Organisers visited Cork last month to examine suitability for sailing race

Team New Zealand after their 2021 America’s Cup victory. Photo: Phil Walter/Getty Images

Team New Zealand after their 2021 America’s Cup victory. Photo: Phil Walter/Getty Images

 

An update on Ireland’s bid to host the prestigious America’s Cup in 2024 will be provided at Cabinet this morning by Minister for Foreign Affairs Simon Coveney.

He will tell Ministers Ireland has progressed to the final stage of judging with a final decision due in eight or so weeks.

There are only a small number of finalists, it is understood.

Ireland’s bid is understood to be based around Cork Harbour and an assessment team from the organisers visited Cork last month to examine its suitability for the race.

They looked at its technical suitability for a racing circuit and examined its tides, wind speeds and direction, water depth, and berthing facilities.

New Zealand is the current holder of the cup (the oldest trophy in sport predating the modern Olympics by 45 years) however the team and the New Zealand government are unlikely to agree terms to stage the next event there for a 4th time so an international competition has been ongoing to win the hosting of the next tournament.

Mr Coveney has been working closely with the Taoiseach and Minister for Sport Catherine Martin on Ireland’s bid to host the 37th America’s cup.

The America’s cup is recognised as the 3rd largest sporting event globally after the Football World Cup and the Olympics, in terms of longevity, economic and media impact it delivers to the host venue.

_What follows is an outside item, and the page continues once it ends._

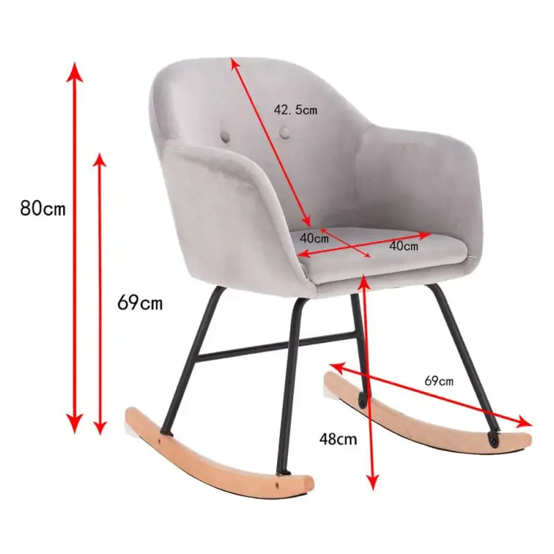Deze schommelstoel combineert een eigentijds ontwerp met ultiem comfort. Met een totale hoogte van ongeveer 80 cm en een zithoogte van 48 cm, biedt de stoel voldoende ondersteuning en comfort. Het zitgedeelte van ongeveer 40 x 40 cm en de goed gevoerde zitting met ergonomische vorm zorgen voor een uitzonderlijk comfortabele en ontspannende zitplaats. De rugleuning van ongeveer 42,5 cm hoog en de armleuningen van ongeveer 69 cm hoog maken de zitervaring compleet.

The racing takes place over a period of 3 to 4 months and the teams are based at the host venue for at least 6 months prior to the start of the competition and for as long as 3 years in the build-up period.

The cup that concluded on March 17th this year had a global viewership of 940 million and estimates of the value of the race for the New Zealand economy are in the hundreds of millions.

The New Zealand Ministry of Business, Innovation and Employment in 2017 forecast between €355 million to €592 million would be injected directly into New Zealand’s economy between 2018 and 2021 as a result of hosting the America’s Cup.